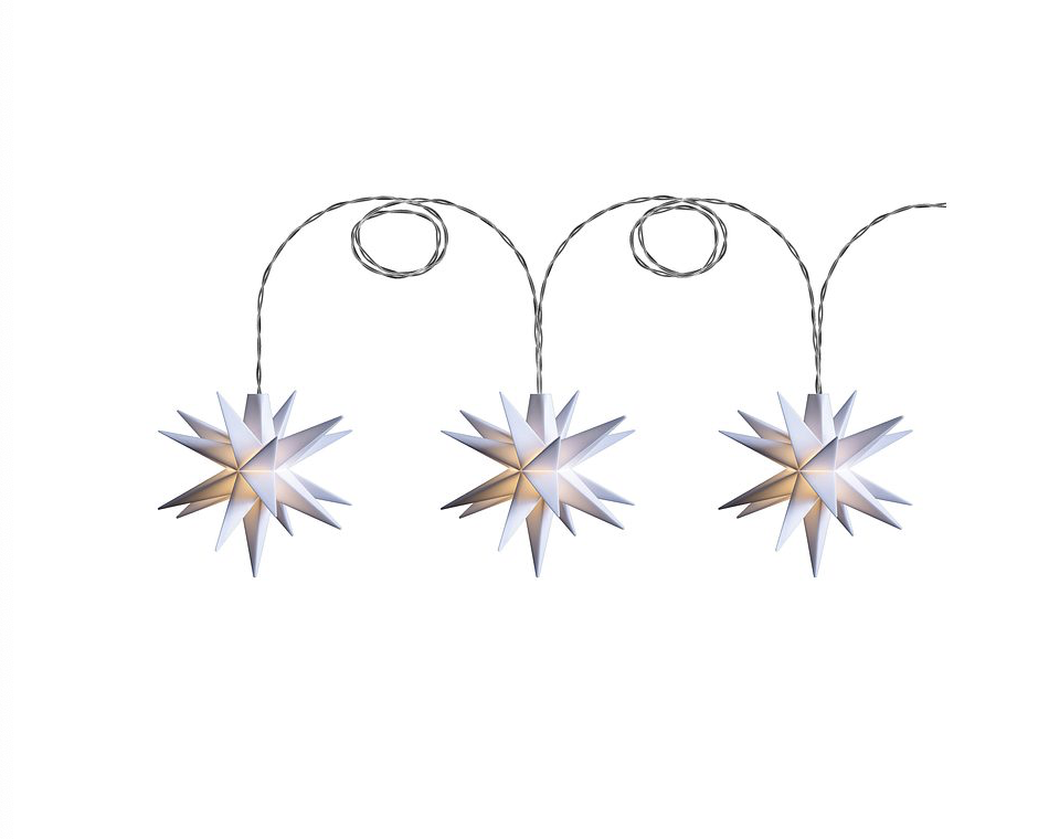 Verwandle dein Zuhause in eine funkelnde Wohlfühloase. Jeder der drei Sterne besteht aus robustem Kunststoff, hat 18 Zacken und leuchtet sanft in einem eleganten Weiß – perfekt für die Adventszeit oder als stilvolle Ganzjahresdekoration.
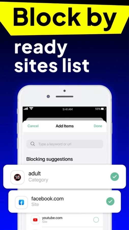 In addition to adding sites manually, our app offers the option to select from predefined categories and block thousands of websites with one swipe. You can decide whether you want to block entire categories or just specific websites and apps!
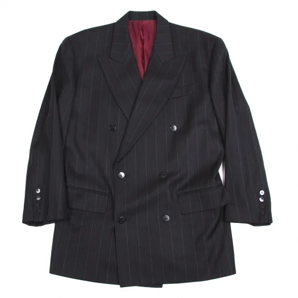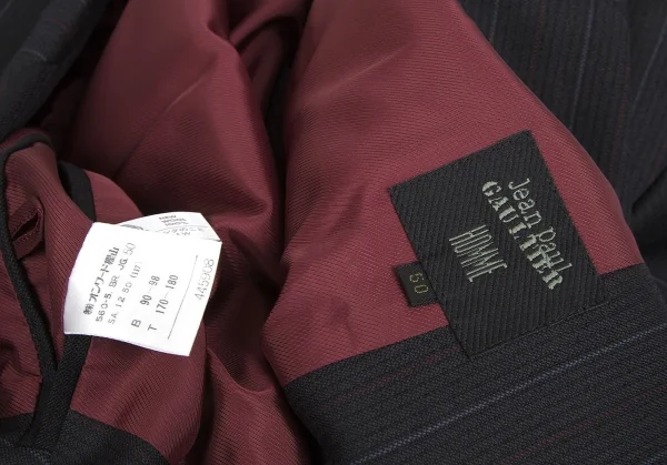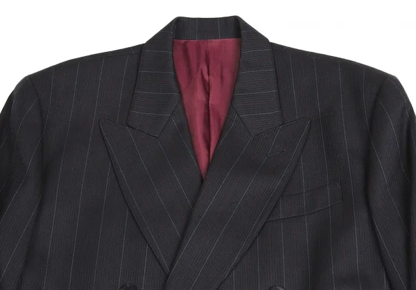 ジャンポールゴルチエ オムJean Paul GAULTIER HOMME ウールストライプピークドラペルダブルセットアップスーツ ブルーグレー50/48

◆ Prompt
When you return the listing, keep it exact and omit any pictures it holds.

◆ Answer to this exercise
 Verwandle dein Zuhause in eine funkelnde Wohlfühloase. Jeder der drei Sterne besteht aus robustem Kunststoff, hat 18 Zacken und leuchtet sanft in einem eleganten Weiß – perfekt für die Adventszeit oder als stilvolle Ganzjahresdekoration.
 In addition to adding sites manually, our app offers the option to select from predefined categories and block thousands of websites with one swipe. You can decide whether you want to block entire categories or just specific websites and apps!
 ジャンポールゴルチエ オムJean Paul GAULTIER HOMME ウールストライプピークドラペルダブルセットアップスーツ ブルーグレー50/48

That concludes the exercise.